Bearing gifts of Hershey bars and Coca-Cola, President Clinton on Saturday paid a morale-boosting visit to U.S. troops in Bosnia.
The good news for Clinton was that the troops’ only complaints seemed to be about lousy food, Spartan living conditions and mud everywhere.
With only one non-fatal casualty thus far, the U.S. peacekeeping mission in Bosnia, now in its 30th day, is going better than many of its planners had dared hope.
Some 8,245 troops are now on the ground in Bosnia; another 12,000 are expected.
For the president, the visit was an elaborate photo opportunity, the payoff on the Dayton agreement, which has brought a still untested peace to the Balkans.
Wearing a brown leather bomber jacket, the president spoke from a podium decorated with sandbags and camouflage webbing. An impressive array of Bradley fighting vehicles and Apache helicopters were brought in to complete the backdrop.

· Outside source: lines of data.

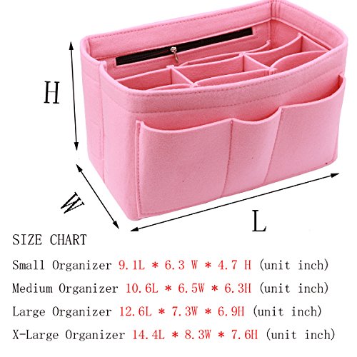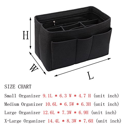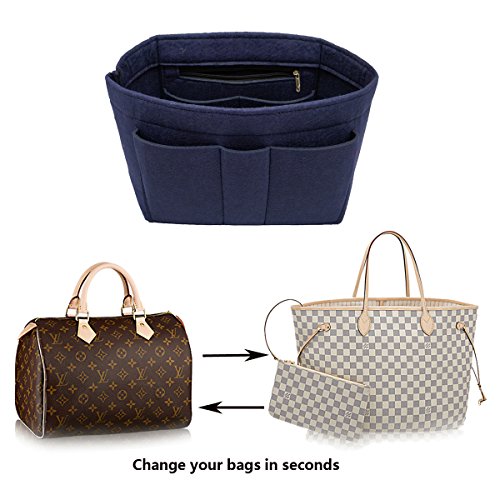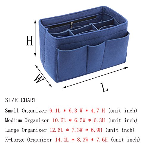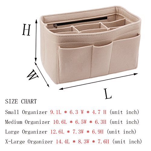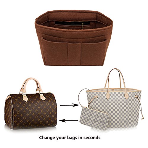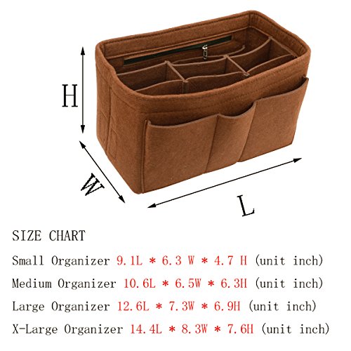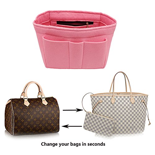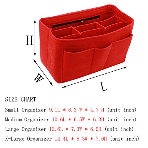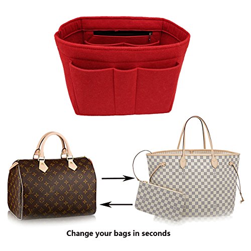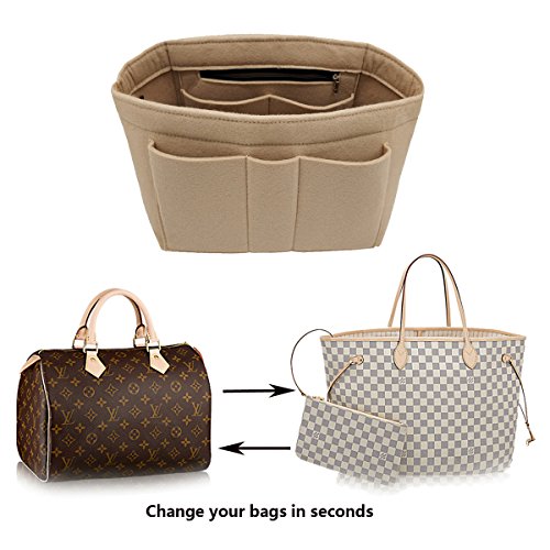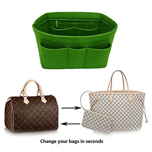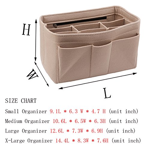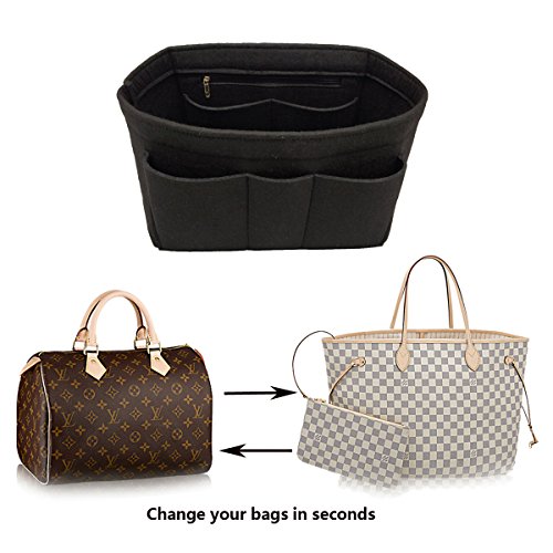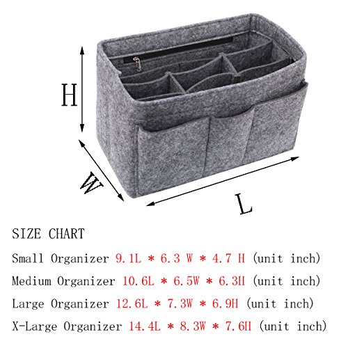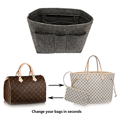 Product Description SIZE CHART Small Organizer Approx. 9.1 length x 6.3 wide x 4.7 high (unit inch)--Fits LV Speedy 25 perfectly LV Neverfull PM Medium Organizer Approx. 10.6 length x 6.5 wide x 6.3 high (unit inch)--Fits LV Speedy 30 perfectly. Large Organizer Approx. 12.6 length x 7.3 wide x 6.9 high (unit inch)--Fits Speedy 35 and Neverfull MM perfectly. X-Large Organizer Approx. 14.4 length x 8.3 wide x 7.6 high (unit inch)--fits Speedy 40 and Neverfull GM perfectly Many Bag Sizes Reference LV speedy 25 Dimensions is:(L)9.8" x (H)7.4" x (W)5.9" LV speedy 30 Dimensions is:(L)11.8" x (H)8.2" x (W)6.6" LV speedy 35 Dimensions is:(L)13.6" x (H)9.0" x (W)7.0" LV Neverfull PM Dimensions is:(L)11.2" x (H)8.6" x (W)5.1" LV Neverfull MM Dimensions is:(L)12.6" x (H)11.4" x (W)6.4" LV Neverfull GM Dimensions is:(L)15.5" x (H)12.8" x (W)7.9" BEST Organizered Bag you'll ever own! 1. It makes everything well packed and looks very clean neatly. 2. It helps retrieve items in seconds. 3. It makes changing bags a second. 4. It keeps your Handbag shape and shipshape 5. It protects your items inside handbag WHY CHOSE US? 1.Very light weight, won't add much extra weight to your purse 2. Durable felt,help your bag keeps it't beautiful form and shape, say goodbye to wilted handbags. 3.with removeable middle insert. 4.with zipper inner pockect side. sturdy handles!!!Easily transports your belongings from one bag to another. 0
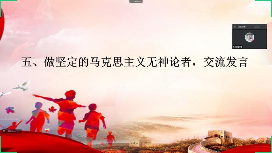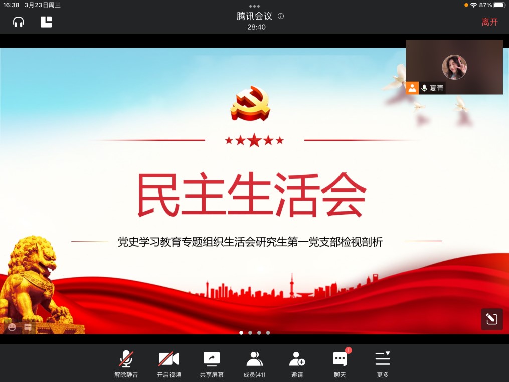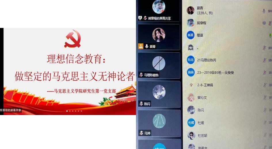 3月23日下午,英国365集团研究生第一党支部利用腾讯会议在线上召开以“做坚定的马克思主义无神论者”为主题的三月份主题党日活动暨2021年度组织生活会、民主评议会。支部书记夏青主持会议。
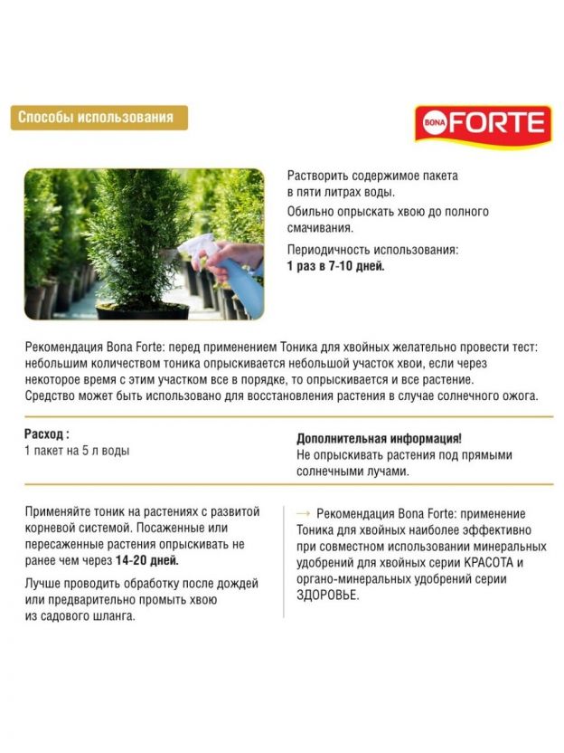 Представляем удобрение "Тоник" для хвойных растений от Bona Forte — идеальное решение для поддержания здоровья и роста ваших зеленых питомцев. Это минеральное удобрение в форме порошка разработано специально для хвойных культур, чтобы обеспечить их всеми необходимыми витаминами и стимулировать рост в весенний, летний и осенний сезоны.
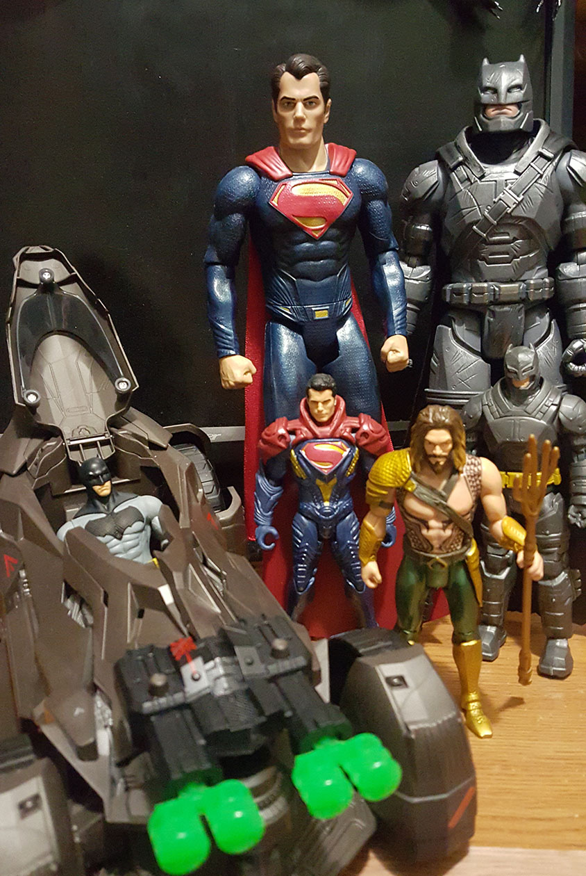I totally forgot to take a picture of the figure in package, but the last figure I bought before getting stuck at home in this blizzard is the BVS armored Superman figure and my video review sucks, I kept getting interrupted while making the video, and i don't know how to put parts of videos together, or even PAUSE the video as i am recording. You think that Apple would actually put a PAUSE button on their video recording app
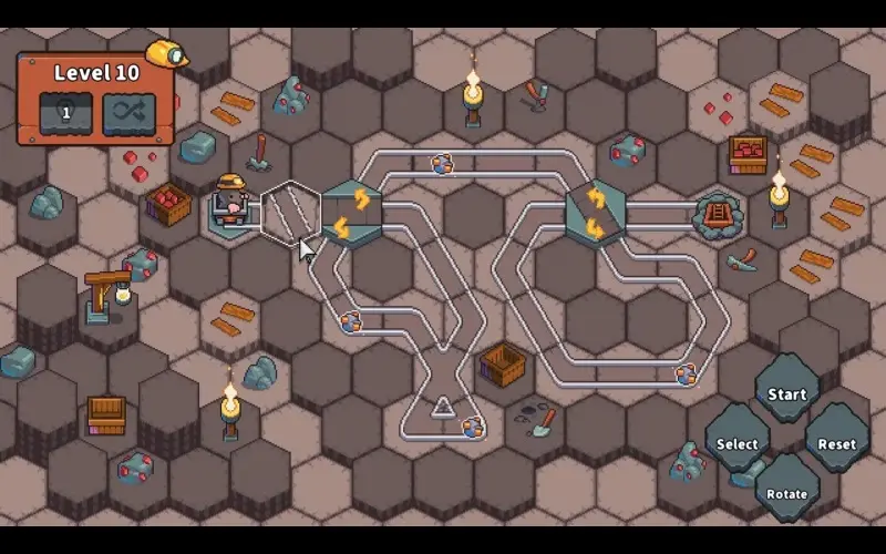 Mole Cart Mining ist ein von Afil Games entwickeltes Puzzlespiel. Führe einen entschlossenen kleinen Maulwurf in einer Lorenbahn, drehe Gleise auf einem sechseckigen Raster, um eine perfekte Route zu erstellen, sammle alle Mineralien ein und erreiche stilvoll den Ausgang.

“The Bosnian people have chosen peace, but they cannot do it alone,” he told the 850 troops assembled on the tarmac. “… Around the world, people look to America - not just because of our size and strength - but because of what we stand for and what we’re willing to stand against.”
Clinton told the troops that how effectively they carried out their mission would “make the difference between a war that starts again and peace that takes hold.”
Bad weather and security concerns limited the scope of the president’s first visit to Bosnia. Fog in Tuzla forced the presidential party to rearrange its schedule and wait out the weather in Taszar, Hungary, a major staging area for U.S. troops on their way to Bosnia.
There, Clinton chatted with soldiers in a makeshift mess hall with wood floors and a tarp roof.
“I’d like to be able to report that when you get (to Tuzla), you will find deluxe accommodations,” he said to peals of laughter. “But even for a political leader, that’s stretching the truth.”
In Bosnia, the president was on the ground for about three hours and never left the confines of the Tuzla air base, headquarters for the U.S. command.
But for soldiers on the ground, the immediate concerns are more mundane, and Clinton’s folksy references to army life “hit the nail on the head,” according to Airman James Zoller, 23, of Spokane.
“He talked about what it’s like to be here - mud, cold and doing the same thing day after day,” Zoller said.
“It means a lot to me. It’s the first time I’ve ever seen a president in person, and I like the idea of him coming all the way to Bosnia to see what it’s like for us,” he said.
Before his speech, Clinton had a half-hour informal meeting with paratroopers from the 325th Airborne. The session, which was held in an old hangar on the outskirts of the air base, was closed to the media and senior military officers.
Air Force Staff Sgt. Thomas Meere, 30, of Bolingbrook, Ill., said after the visit that Clinton’s speech had eased some of his doubts about the mission.
“In the military, we didn’t want to get involved in this place because - well, it’s just plain dangerous. And when you only send 20,000 troops, it’s like, ‘How committed to peace are we?”’ he said.
“When we heard all the stuff in Congress with the Republicans, we were not sure of the response we were going to get from the American public,” Meere said.
“The speech told me we have his support, and that the American people support us from the top down.”
Clinton left after nightfall and arrived in Washington shortly before midnight, gaining time as he flew across the Atlantic.